The Authority does not contend or even suggest that the State Highway Commission has sufficient unobligated funds or a surplus of cash on hand for the fiscal year ending June 30, 1961, to construct the highway facilities it agreed to construct on or near the two turnpike projects in question. Therefore, if the contracts, agreements and commitments of the State Highway Commission are presently operative, that is, operative within the fiscal year ending June 30, 1961, they are null and void and of no force and effect as such contracts are specifically prohibited by Legislative enactment and the Constitution.
On the other hand, if the contracts are to become operative and effective after June 30, 1961, the contracts would be unconstitutional as such would be incurring obligations in excess of the unencumbered balance of cash surplus on hand and would be pledging and allocating funds to be appropriated by future legislatures. In effect, the Department of Highways, which Article XVI, Sec. 1 of the Constitution directs the legislature to establish, would be attempting to do that which the legislature could not do, namely, laying its mandate on a future legislature.

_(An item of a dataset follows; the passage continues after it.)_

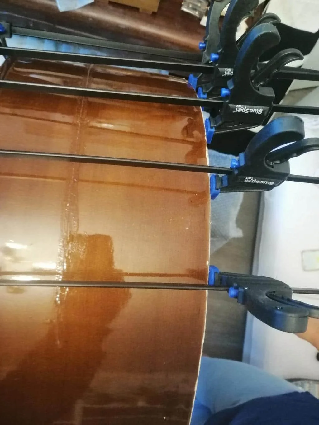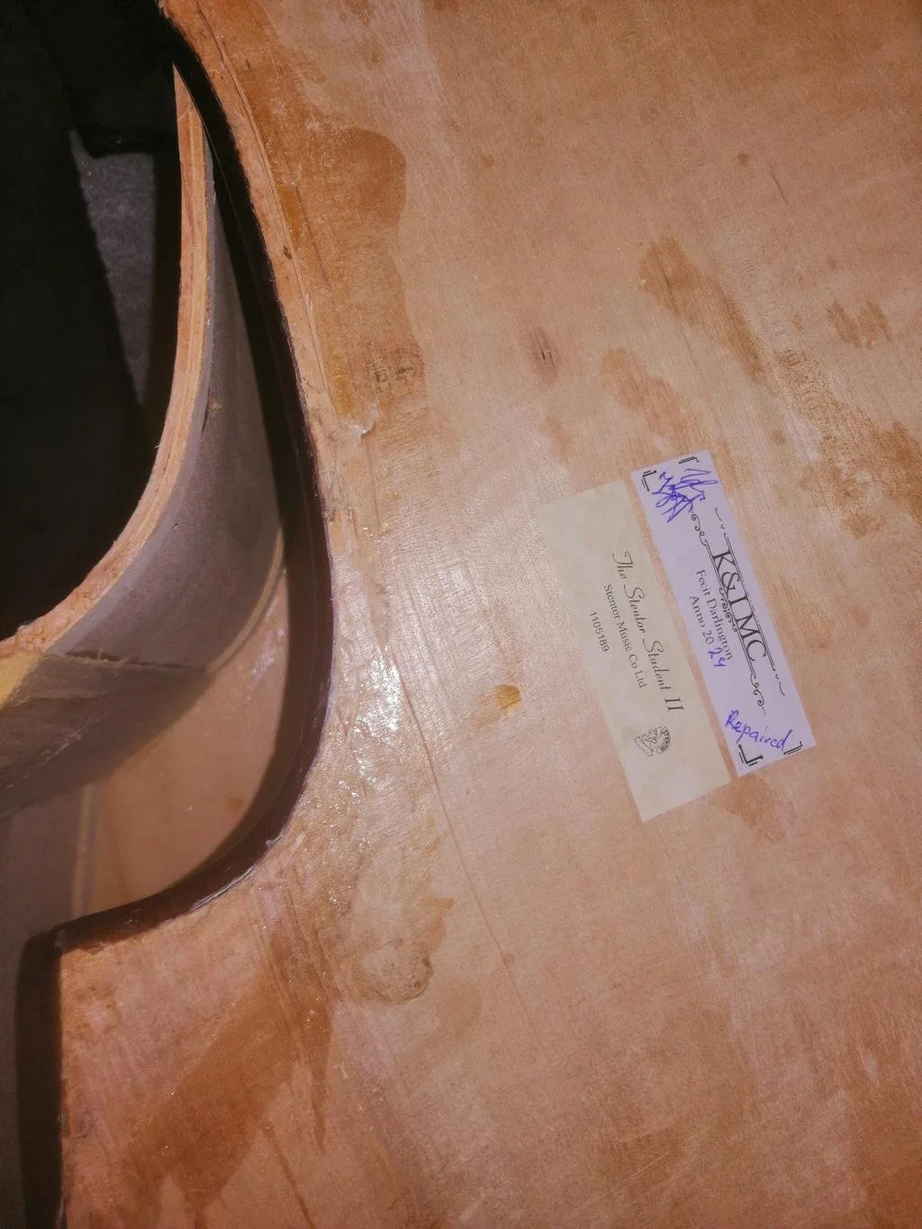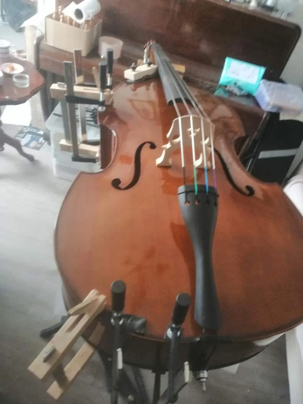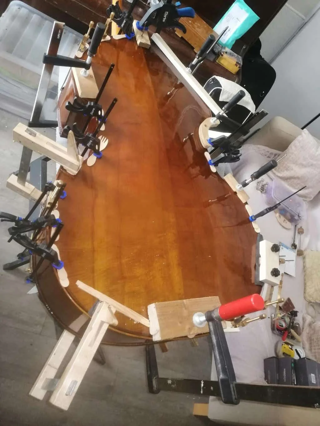 The double bass body was then carefully glued back together, restoring the instrument’s original structure and strength.

In Boswell v. State, 181 Okl. 435, 74 P.2d 940, 947, this Court said:
“As we conceive it, the constitutional provisions dealing with the ‘debt limit' of the state were adopted for the purpose of fixing the power and responsibility of legislation relating to the fiscal affairs of the state upon the existing legislative assembly, and to prevent one legislative assembly from laying its mandate upon a future one. The effect of these provisions is that one legislative assembly cannot guarantee the span of life of its legislation relating to the fiscal affairs of the state beyond the period of its biennium.”
I can only conclude that if we construe the agreements or commitments made by the State Highway Commission to be contractual obligations, effective immediately *702or to become effective in the future, they are null and void and of no force and effect as they would be in contravention of Legislative enactments and the Constitution.
On the other hand, if they are not contractual obligations which could be legally enforced, as set forth in the majority opinion, they have no more force and effect than any other road project contemplated to be constructed by the State Highway Commission.
Title 69 O.S.1959 Supp. § 655, subdivision (4), provides:
“All access roads interchanges, or lead roads connecting such turnpikes with existing highways must be built by funds furnished by the Turnpike Authority.”
In my judgment there is insufficient evidence before this Court to consider whether or not the roads to be constructed by the State Highway Commission are access roads, interchanges, or lead roads connecting such turnpikes with existing highways.
I am authorized to state that Mr. Justice DAVISON concurs in the views herein expressed.